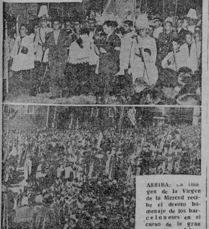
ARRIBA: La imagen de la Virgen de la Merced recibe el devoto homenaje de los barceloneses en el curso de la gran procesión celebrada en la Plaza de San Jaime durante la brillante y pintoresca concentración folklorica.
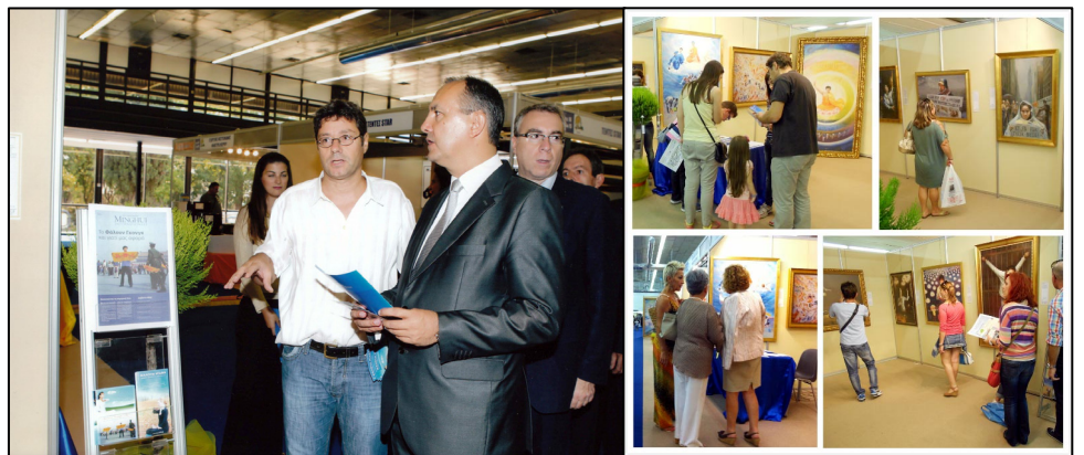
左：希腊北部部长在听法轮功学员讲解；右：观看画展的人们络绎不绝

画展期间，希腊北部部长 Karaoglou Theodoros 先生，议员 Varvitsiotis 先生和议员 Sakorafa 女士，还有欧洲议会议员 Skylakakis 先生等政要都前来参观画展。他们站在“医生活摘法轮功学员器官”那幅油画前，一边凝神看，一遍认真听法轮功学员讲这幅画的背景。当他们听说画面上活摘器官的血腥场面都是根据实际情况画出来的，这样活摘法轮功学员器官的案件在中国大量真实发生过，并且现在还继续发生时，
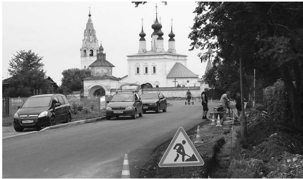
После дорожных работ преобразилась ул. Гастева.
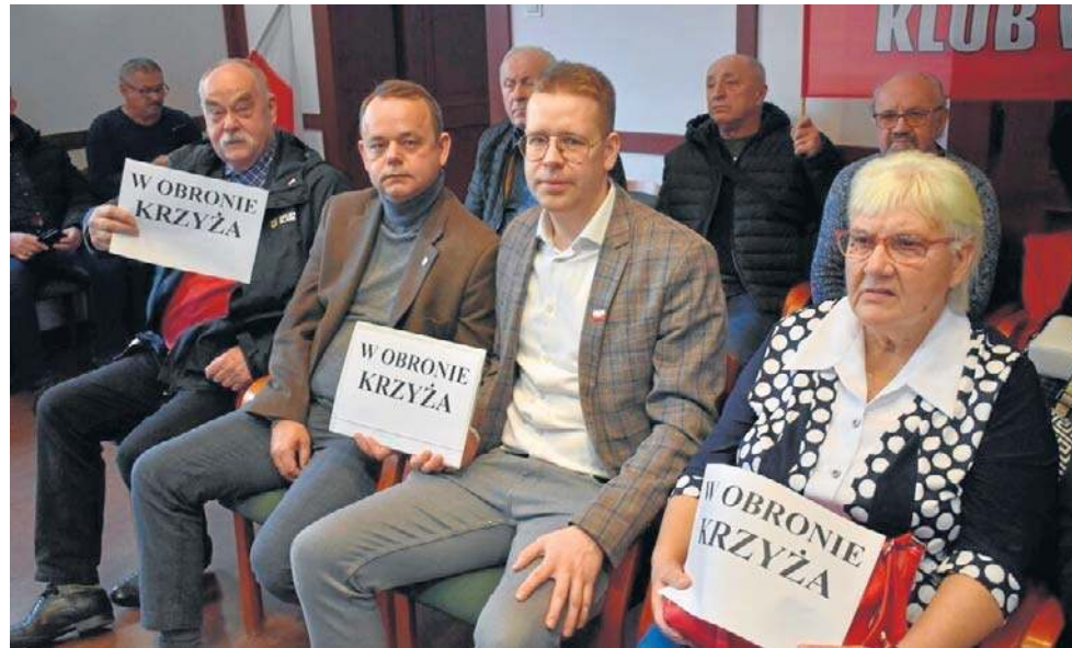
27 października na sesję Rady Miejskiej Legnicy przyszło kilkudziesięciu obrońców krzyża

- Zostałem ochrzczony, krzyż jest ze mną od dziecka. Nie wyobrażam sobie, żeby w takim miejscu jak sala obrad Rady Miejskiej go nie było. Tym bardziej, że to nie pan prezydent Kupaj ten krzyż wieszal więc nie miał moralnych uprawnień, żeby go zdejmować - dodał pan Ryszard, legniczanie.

_WHAT YOU WILL DO_: The material above should be printed again exactly, with each picture left out.

_ANSWER SECTION_:
ARRIBA: La imagen de la Virgen de la Merced recibe el devoto homenaje de los barceloneses en el curso de la gran procesión celebrada en la Plaza de San Jaime durante la brillante y pintoresca concentración folklorica.
左：希腊北部部长在听法轮功学员讲解；右：观看画展的人们络绎不绝

画展期间，希腊北部部长 Karaoglou Theodoros 先生，议员 Varvitsiotis 先生和议员 Sakorafa 女士，还有欧洲议会议员 Skylakakis 先生等政要都前来参观画展。他们站在“医生活摘法轮功学员器官”那幅油画前，一边凝神看，一遍认真听法轮功学员讲这幅画的背景。当他们听说画面上活摘器官的血腥场面都是根据实际情况画出来的，这样活摘法轮功学员器官的案件在中国大量真实发生过，并且现在还继续发生时，
После дорожных работ преобразилась ул. Гастева.
27 października na sesję Rady Miejskiej Legnicy przyszło kilkudziesięciu obrońców krzyża

- Zostałem ochrzczony, krzyż jest ze mną od dziecka. Nie wyobrażam sobie, żeby w takim miejscu jak sala obrad Rady Miejskiej go nie było. Tym bardziej, że to nie pan prezydent Kupaj ten krzyż wieszal więc nie miał moralnych uprawnień, żeby go zdejmować - dodał pan Ryszard, legniczanie.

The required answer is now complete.